*WHAT YOU HAVE TO DO*.
What is needed is a word-for-word copy of the lines below from the one with "COTTON PAISLEY KANTHA" through the one with "De meget hvide", both included, with every picture left out.

*LISTED ENTRIES*.
_____

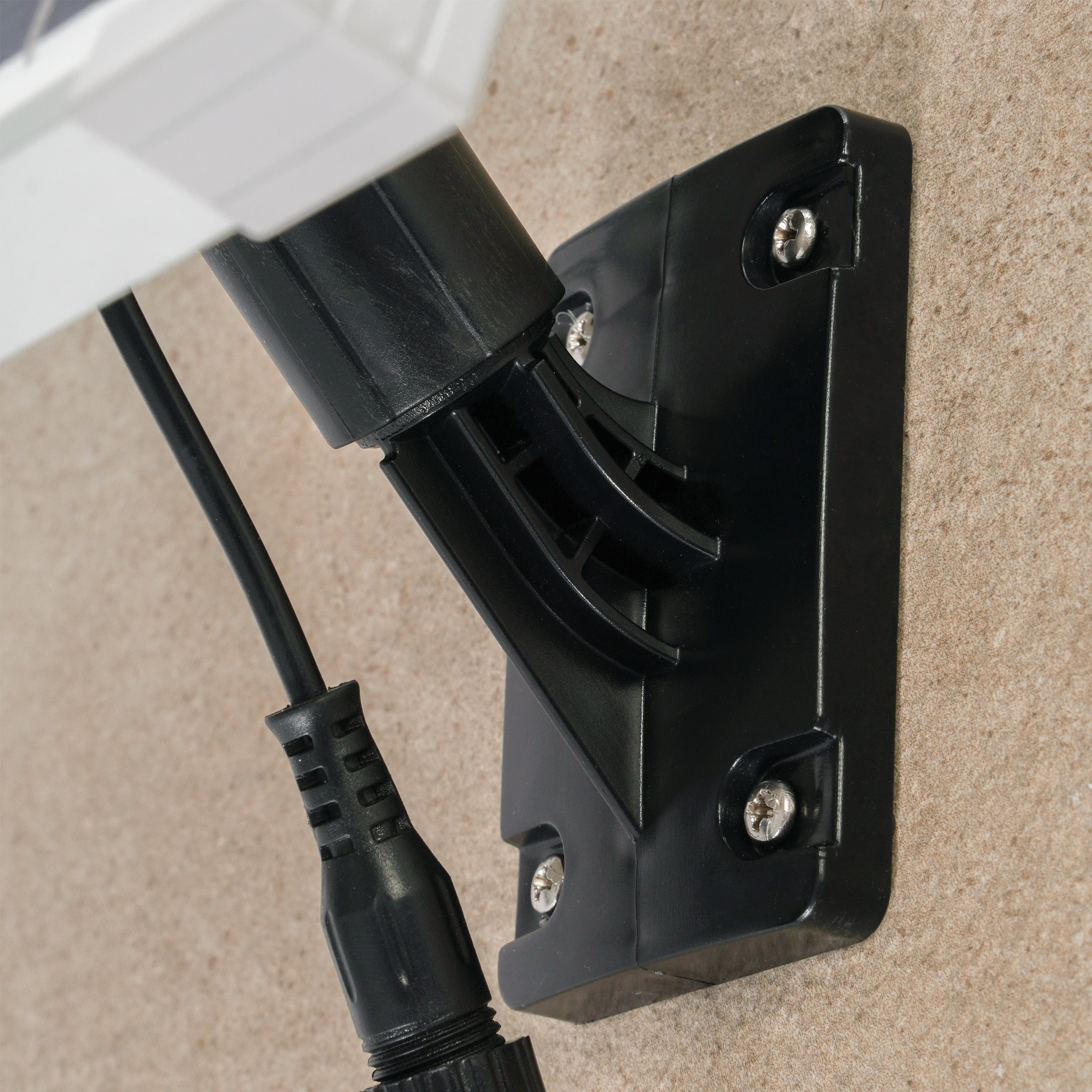 Im Lieferumfang enthalten ist ebenso eine mehrteilige Solarmodul-Halterung aus Kunststoff.
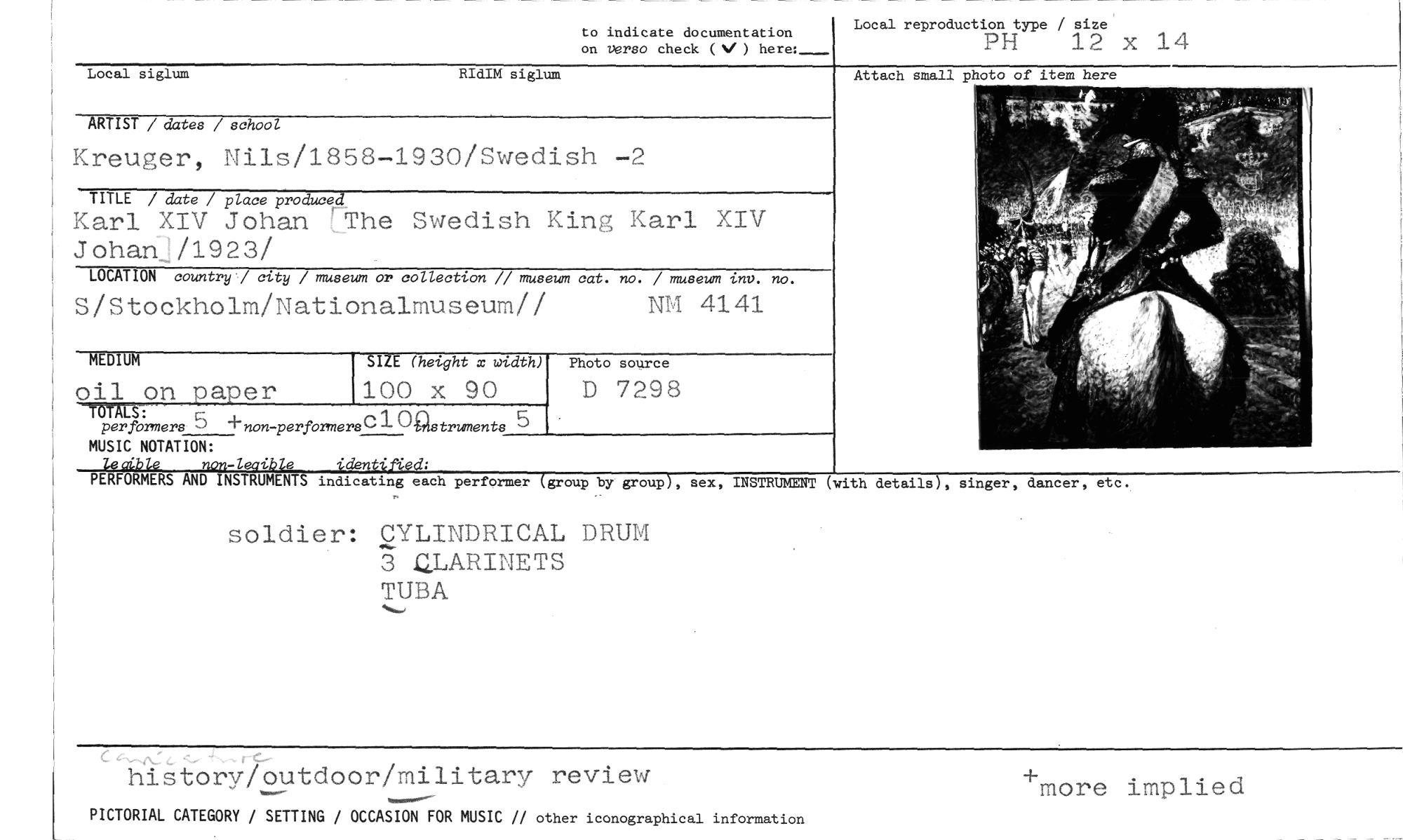 //// to indicate documentation Local reproduction type / size //// on verso check (V) here:--- PH 12 X 14 //// Local siglum RIdIM siglum //// Attach small photo of item here //// ARTIST / dates / school //// Kreuger, Nils/1858-1930/Swedish -2 //// TITLE / date / place produced //// Karl XIV Johan !The Swedish King Karl XIV Johan)/1923/ //// LOCATION country / city / museum or collection // museum cat. no. / museum inv. no. //// S/Stockholm/Nationalmuseum// NT1 4141 //// MEDIUM //// oil on payer //// —MWS'5 c10alstm,~85 //// per formers 'non-performers //// MUSIC NOTATION: //// PIPthigh AND INSTRUMENTS indicatiag each performer (group by group), sex, //// non-lgcibie identified: //// INSTRUMENT (with details), singer, dancer, //// soldier: CYLINDRICAL DRUM 3 ZLARINETS //// TUBA //// history/outdoor/military review +more implied //// PICTORIAL CATEGORY / SETTING / OCCASION FOR MUSIC // other iconographical information //// SIZE (height x width) //// 100 x 90 //// Photo source //// D 7298 //// etc. ////
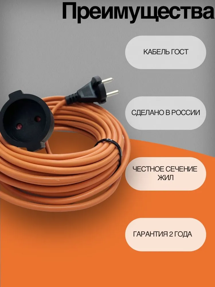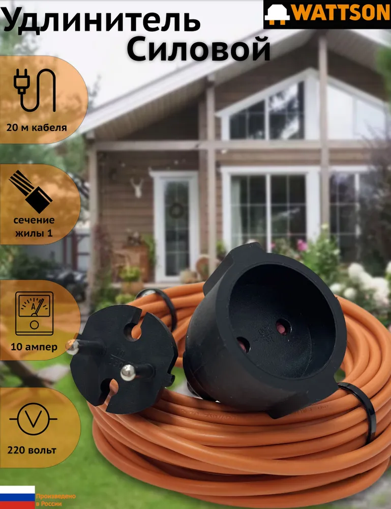 Удлинитель силовой 20 метров, WATTSON, 10А, шнур оранжевый ПВСбм 2х1
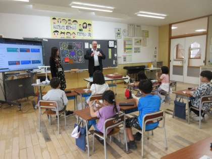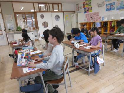 今日の英語活動は、色の読み方を学習しました。赤、青、黄色等を英語で言ったり、好きな色を選んだりしました。青や黒等、落ち着いた色が人気でした。最後は、色のBINGOをしました。みんな列が揃って大喜びでした。
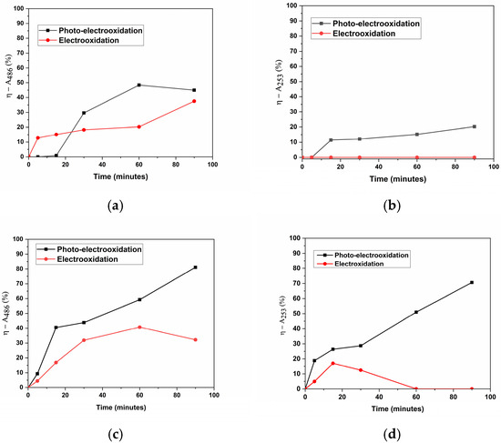 In this study, the DOX degradation efficiency using the Ti-TiO2(NW) and Ti-TiO2(NW)/rGO electrodes was evaluated and compared separately in the electrooxidation and photo-electrooxidation processes (Figure 8). Figure 8a,b shows that using Ti-TiO2(NW) supports the DOX degradation efficiency for η-A486, which was about 45% after 90 min within the photo-electrooxidation process, and only 20% for η-A253. Figure 8c,d shows that the kinetics of color removal by electrooxidation are significantly slower than those for photo-electrooxidation. The initial color A486 of DOX using a Ti-TiO2(NW)/rGO electrode is reduced by 35% by the electrooxidation process (Figure 8c). Under UV irradiation and applied potential within the photo-electrooxidation process, an 80% degradation rate after 90 min of treatment was achieved (Figure 8d). UV irradiation produces free radicals that can oxidize organic compounds by affecting some electrooxidation process products.
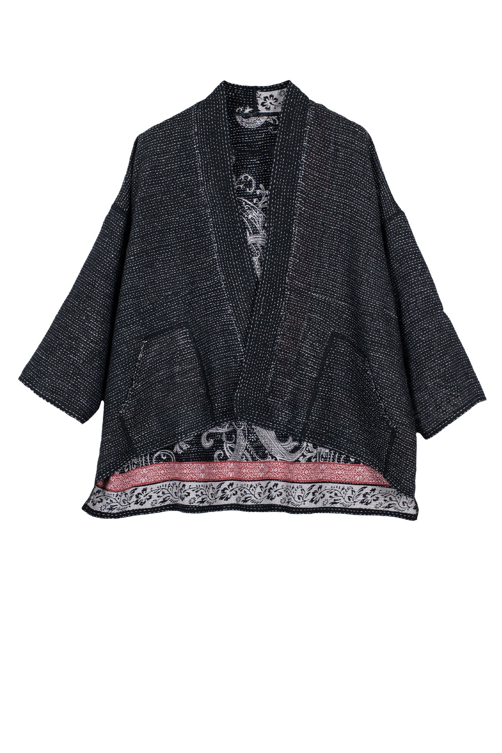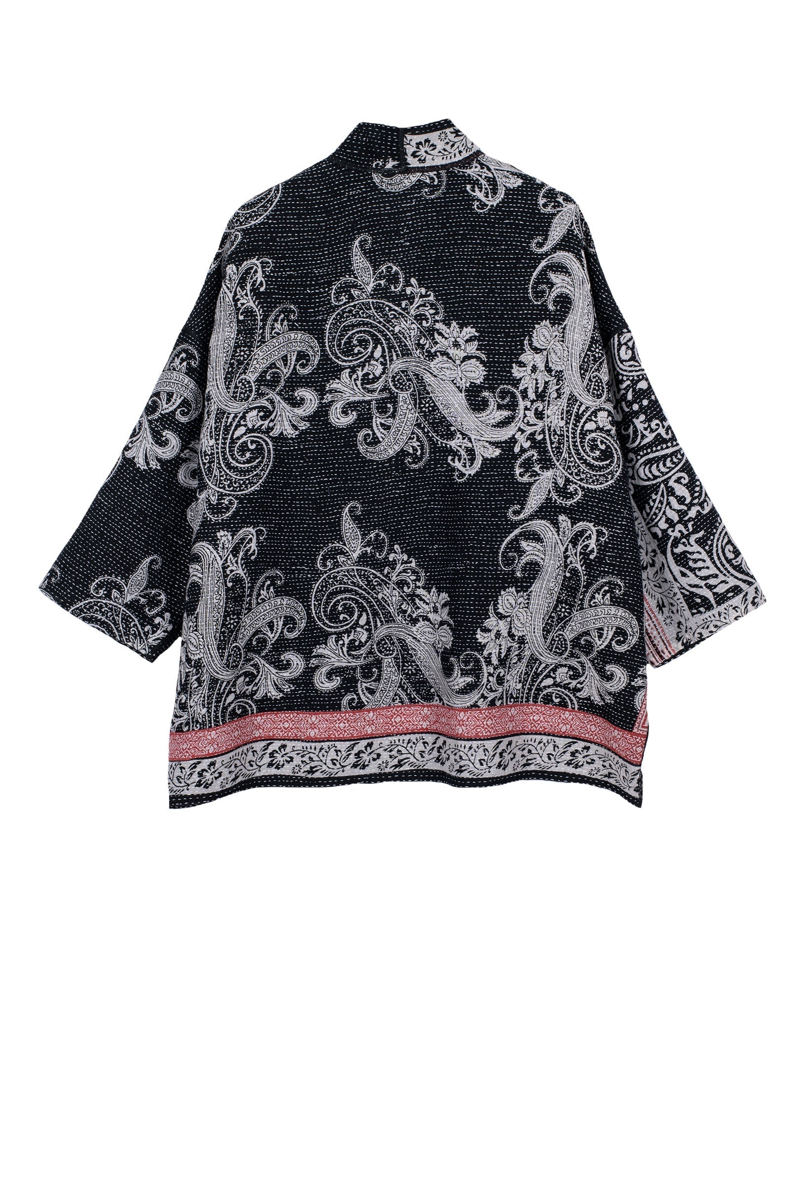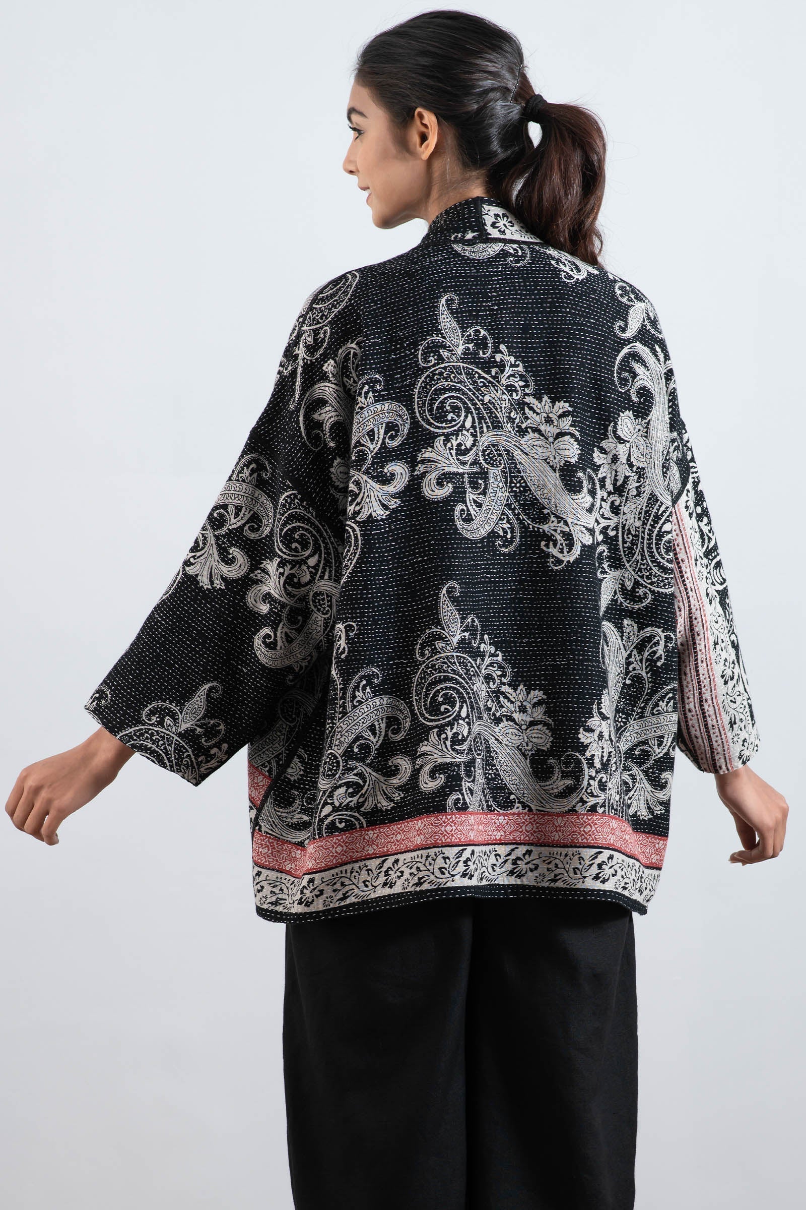 COTTON PAISLEY KANTHA MINI KIMONO JKT - cp2055-blk -
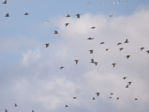 De meget hvide fugle især øverst. Lagt på 14. september 2025, taget 14. september 2025 på Kystlagunen på Gyldensteen Strand 4 kilomewter øst for Bogense på Fyns Kattegatkyst.
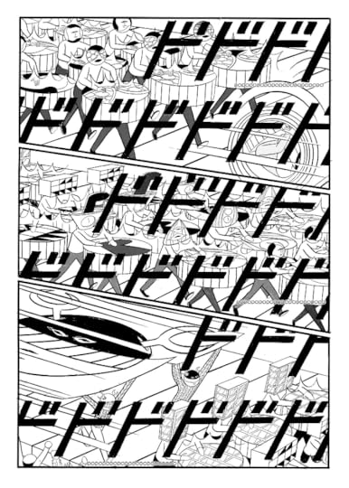 The panels are so dense they are difficult to understand. I myself had to limit my viewing of it to 25 pages at most a night. And I'm sure I missed things. In my mind I had to catalog all that was happening. For example, on page 24, I'd say to myself: ok, in the first panel, the "7" observation tower's floor has collapsed, spilling the two figures inside on to the stage. The "8" block following it has two pairs of octopus legs, totaling sixteen legs. The number "8" is shown three times, once on its side, and twice on its front. The audience is raising its hands--wait, actually, a giant ball has also dropped out of the collapsing "7" tower and bounced out onto the crowd. That looks to make a GORO noise, while the collapsing floor made a ZDOOF noise. Ok, on to the next panel. (2 seconds perhaps). Ah, I see, the "8" block actually has 8 *four* times on its side, now that it has come fully in to view: the 8 panels have dropped to reveal behind each what looks likea face per panel with a pipe as their nose, with no mouth. The panel-dropping has made a KCHUK noise. This is all that happens here. Next panel. (again, 2 seconds?) The pipe noses of each of these faces has protruded longer, to make them look like cannons, with a GWEEEEEN noise. Out of their eye holes now tiny cones have emerged. On to the next page.

_____

*SOLUTION TO THE PROBLEM*.
 COTTON PAISLEY KANTHA MINI KIMONO JKT - cp2055-blk -
 De meget hvide fugle især øverst. Lagt på 14. september 2025, taget 14. september 2025 på Kystlagunen på Gyldensteen Strand 4 kilomewter øst for Bogense på Fyns Kattegatkyst.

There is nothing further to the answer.